Unfortunately, ordinary citizens do not have, for the present, a say in international decisions regarding bioethical issues (apart from campaigning and protesting), although, to the extent that these decisions affect local practices, they all have a stake in them. In most cases, this is the provenance and privilege of legal experts who are appointed by their governments. Legal experts may share the same background, something that provides them at least with a common starting point, but they do not necessarily express the views of the majority of their fellow citizens. This is an affront not only to democratic citizenship but also to bioethics envisaged as a set of moral principles concerning biomedical practice and research most people would be willing to accept.
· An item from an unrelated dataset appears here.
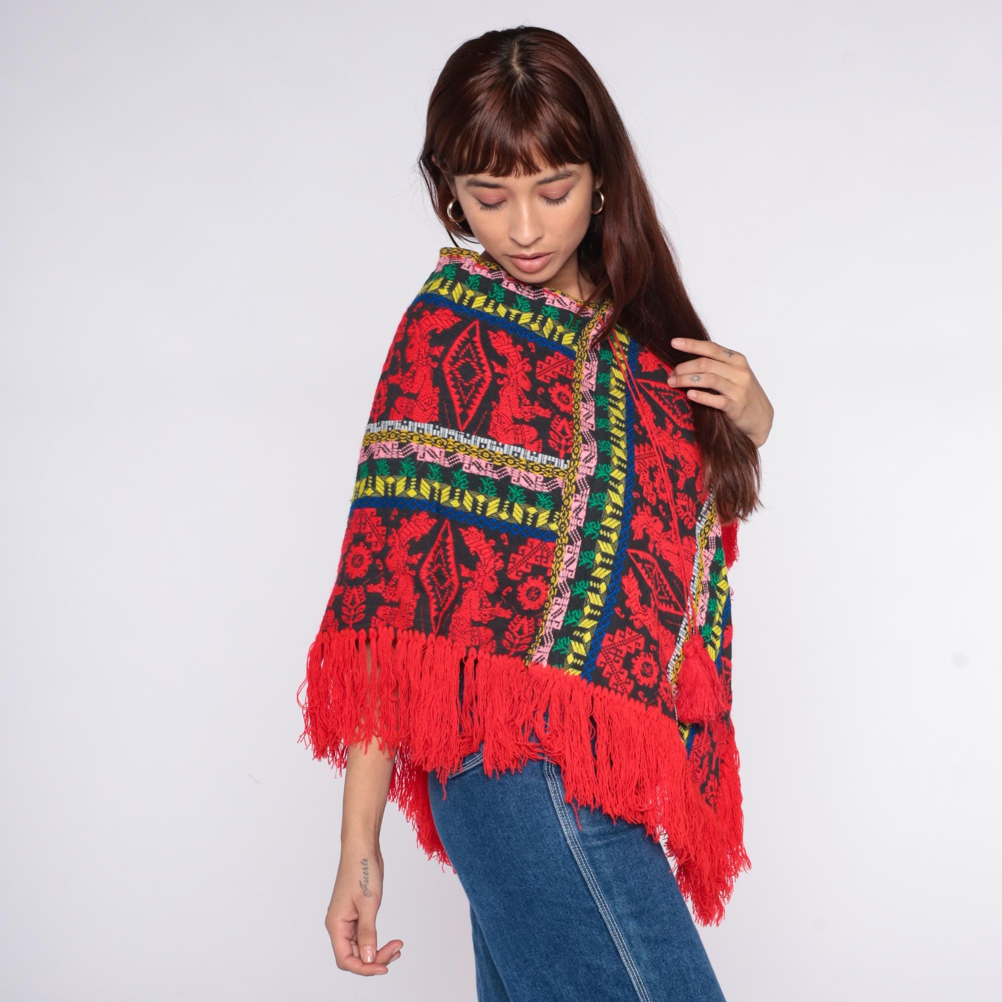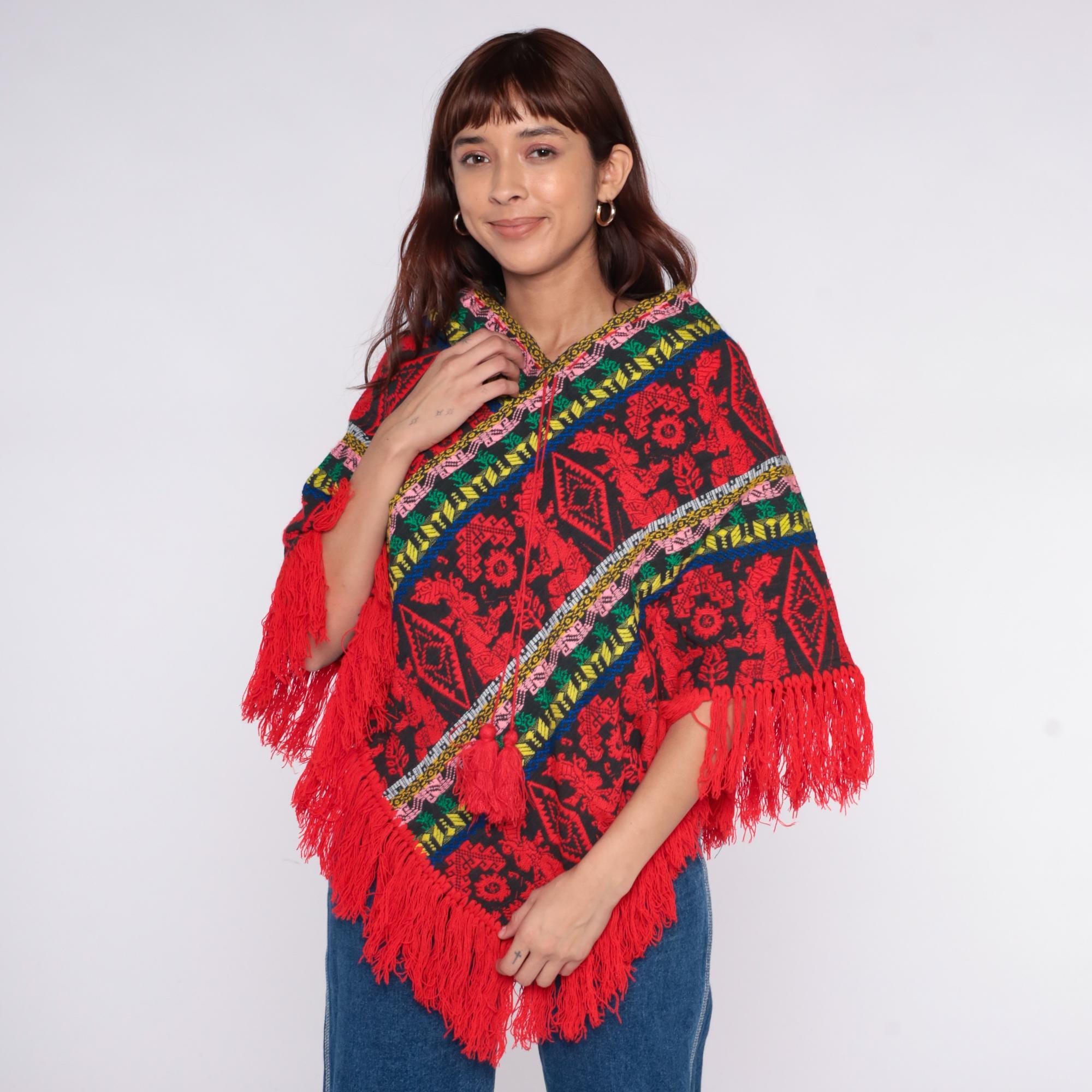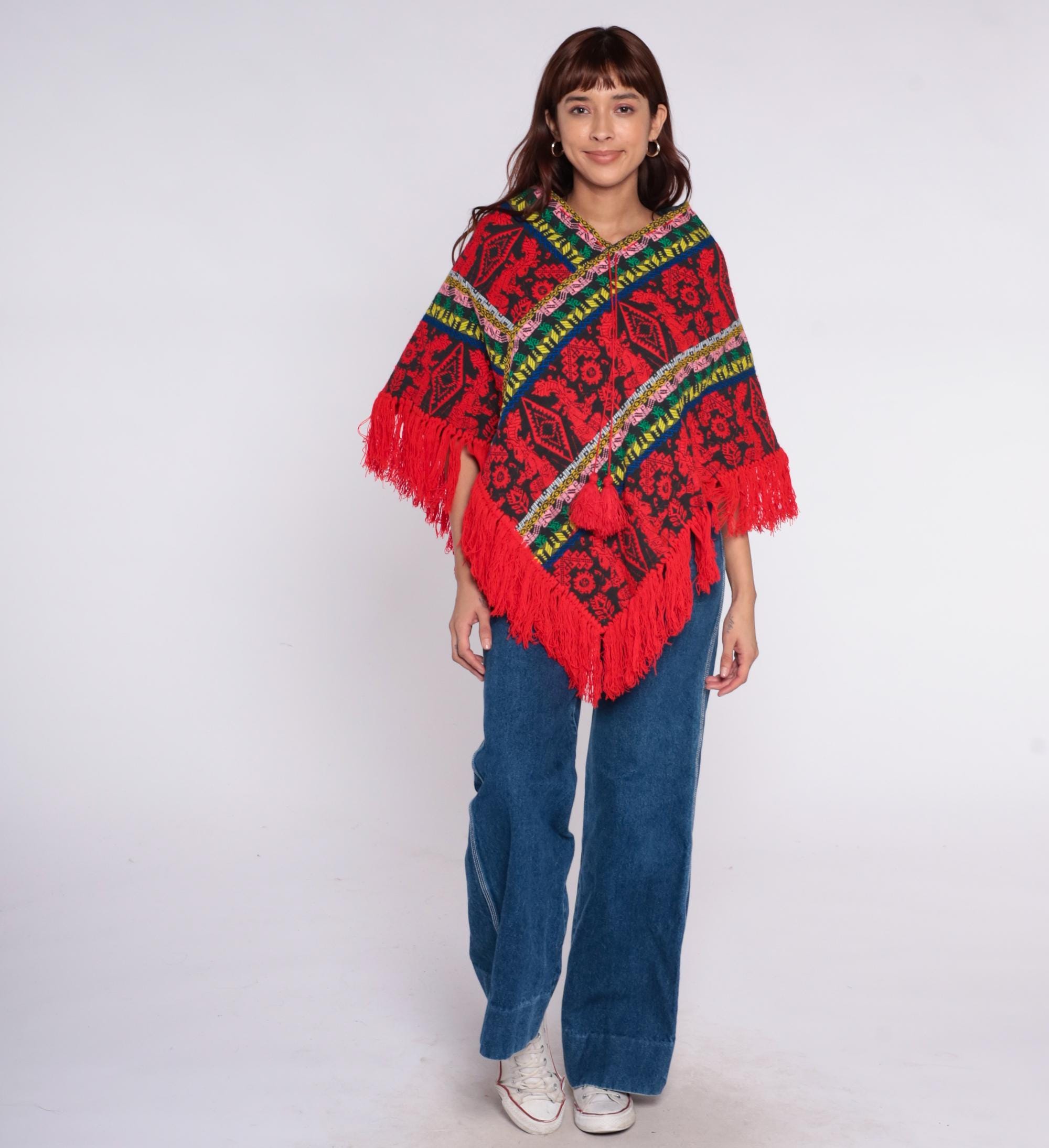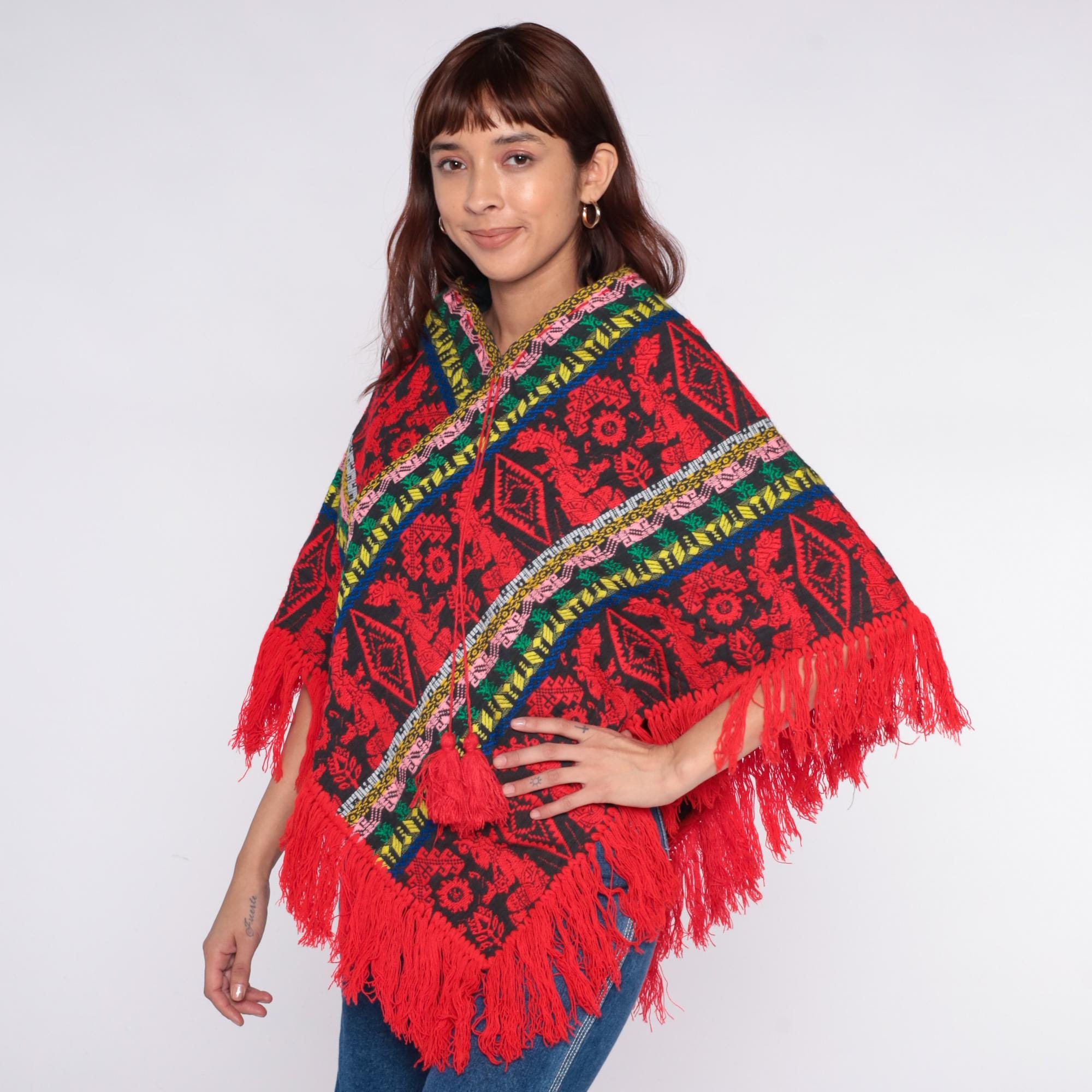 90s red and black poncho with geometric and floral pattern throughout. Multicolor striped trim in pink, yellow, green, and blue along edges and v-neckline.

There must be established clear procedures, open to all, to make these experts more responsive to their concerned citizens’ relevant positions provided that the latter are widely informed, considered, and show sympathy for other people’s predicaments and viewpoints. This will not be easily achieved, but this appears to be a plausible strategy to combat inaction or procrastination in the face of pressing global bioethical problems as well as to avoid the imposition of moral norms from those who govern on those who are governed or, at an international level, from those who happen to occupy a culturally hegemonic position, on those who were historically less fortunate.

Conclusion

Citizenship, as it has been discussed here, remains a catchword of paramount importance for political theory, since it defines the overarching relation of a free individual to the political community to which he or she belongs. Although historically the meaning of being a citizen has always been subject to change, the emphasis that has been given to its study during the last three decades has provided us with enriched and nuanced conceptions we had never previously considered. The benefits accruing from this development point to different directions including the improvement of decision-making procedures pertaining to global bioethics.